Introduction to Nightingale's Single Sign-On functionality
Configuration Example Explanation
# Whether to enable OIDC login functionality. Options: true/false
Enable = true
# The name displayed for OIDC login method in the frontend
DisplayName = 'OIDC Login'
# Redirect URL after successful OIDC authentication. This URL should be the callback address of the Nightingale monitoring service
RedirectURL = 'http://n9e-server:port/callback'
# SSO service address
SsoAddr = 'https://xxx.authing.cn/oidc'
# SSO logout address, used to handle user logout requests
SsoLogoutAddr = 'https://xxx.authing.cn/oidc/session/end'
# SSO service App ID
ClientId = '66988*************'
# SSO service App Secret
ClientSecret = 'cbc*************'
# Whether to override user attributes. Options: true/false
CoverAttributes = true
# Default roles for users in the Nightingale system.
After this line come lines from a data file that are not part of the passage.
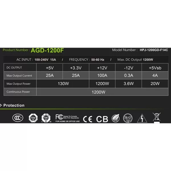1200W | Astro Series AGD-1200F | ATX 2.3 | certificare 80+ Gold | ventilator 135 mm | 12V single-rail | PFC activ | modulara | 1x ATX 24p, 2x ATX 12V/EPS12V, 8x PCIe 8p, 5x HDD, 15x SATA
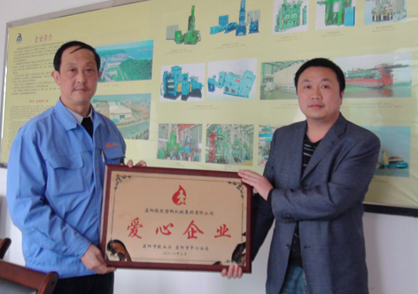 3月28日,公司被益阳市献血办、益阳市中心血站授予“爱心企业”荣誉称号,并与益阳市中心血站签订爱心联盟承诺书,企业承诺全体员工在社会突发公共卫生事件和重大灾害事故等应急医疗救治的用血需求时自愿参与应急献血。 公司组织员工开展无偿献血活动已连续五年,参加献血者200余人,为益阳市中心血站提供优质血源6万多毫升。图为公司工会办公室主任陈立清(左)接过益阳市中心血站站长朱三元(右)为公司颁发的“爱心企业”牌匾。
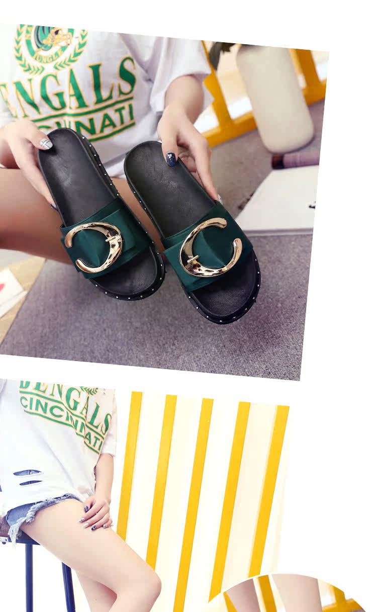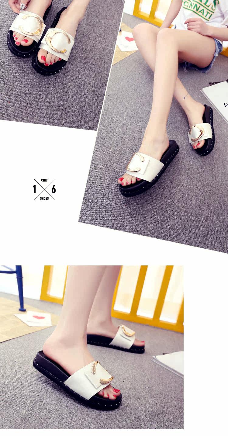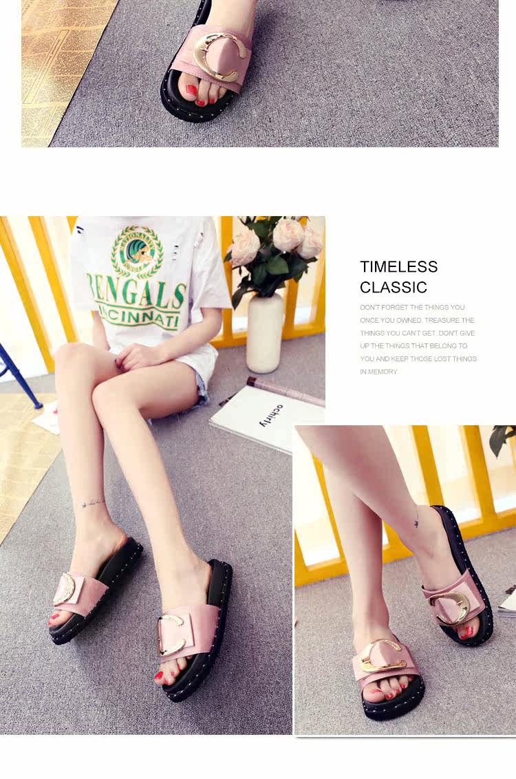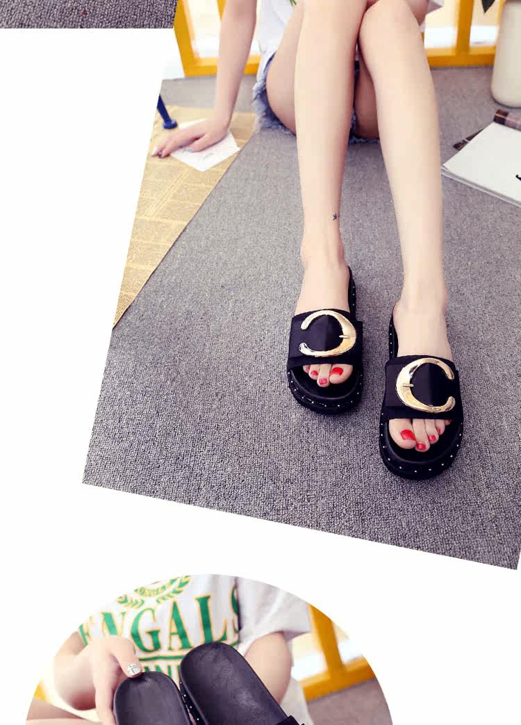 松糕拖鞋平底女夏季沙滩鞋搭扣时尚韩版外穿凉拖布一字拖厚底中跟

Options: Guest/Standard/Admin
DefaultRoles = ['Guest']
# Requested OIDC scopes
Scopes = ['openid', 'profile', 'email', 'phone']
# Mapping of OIDC user attributes to Nightingale user attributes
[Attributes]
# Mapping for username field
Username = 'sub'
# Mapping for nickname field
Nickname = 'nickname'
# Mapping for phone field
Phone = 'phone_number'
# Mapping for email field
Email = 'email'
Basic Configuration Explanation
Below is a basic explanation of the Authing OIDC configuration corresponding to Nightingale configuration:
The default RedirectURL is ‘http://n9e-server:port/callback’
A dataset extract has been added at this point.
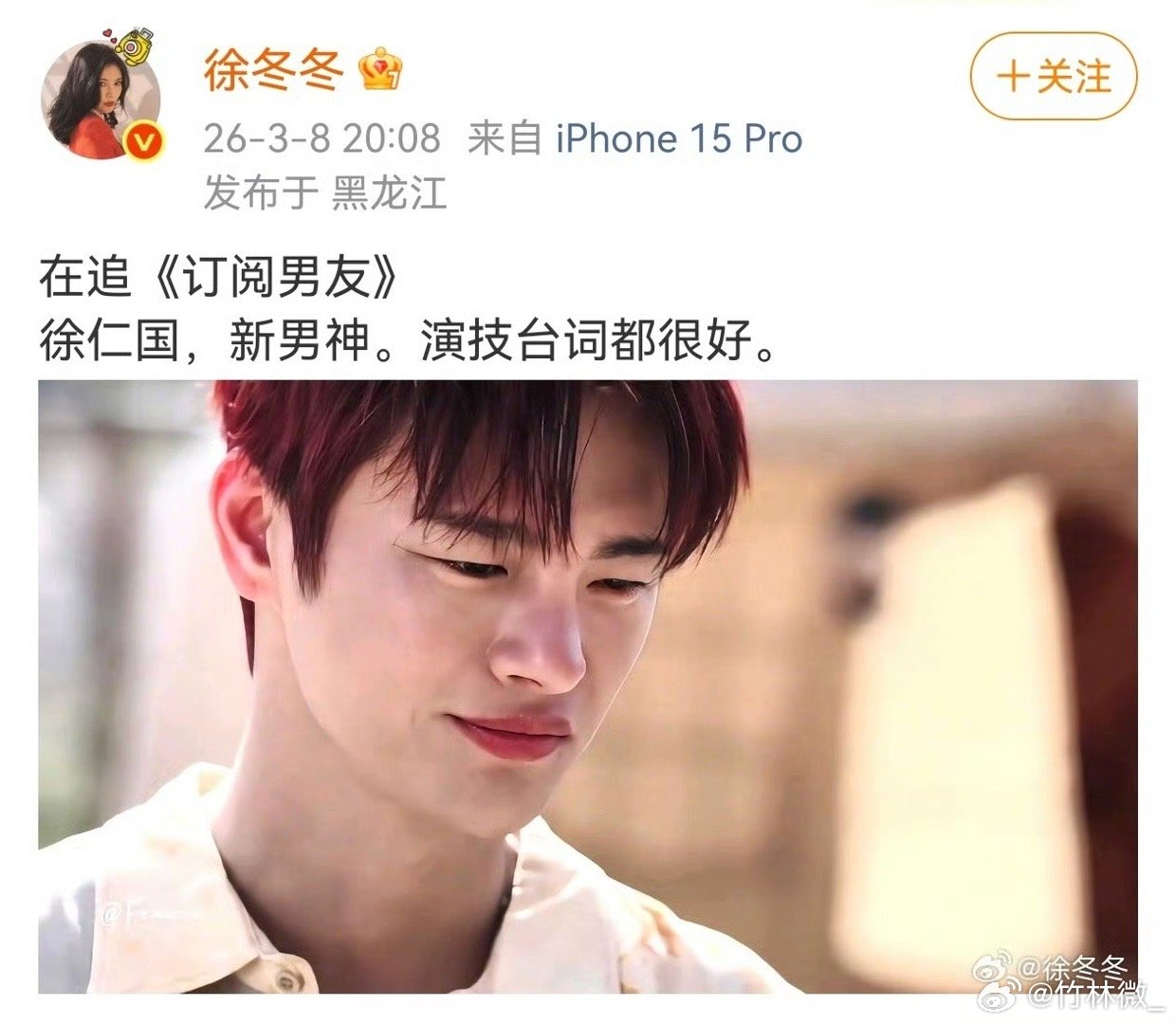 徐冬冬还是拒绝不了痞帅脸徐冬冬看《订阅男友》看入迷了,直接粉上徐仁国,说他演技台词都不错。发现他跟尹子维长得有点像,看来她就喜欢痞帅型的。

| Nightingale Configuration | OIDC Configuration |
|---|---|
| SsoAddr | Authorization Endpoint |
| SsoLogoutAddr | Logout Endpoint |
| ClientId | App ID |
| ClientSecret | App Secret |
Different OIDC service providers may have different field mappings. You can adjust these through the mapping relationships in the Attributes section of the configuration file. The following is an example of adjustment, mapping email to Username.
[Attributes]
Username = 'email'
Nickname = 'nickname'
Phone = 'phone_number'
Email = 'email'
Account Login
Account Logout
Currently, direct logout of OIDC accounts from the Nightingale server side is not supported. If you need to log out of an account, you need to first log out from the OIDC service side, then return to the Nightingale service page and select account logout.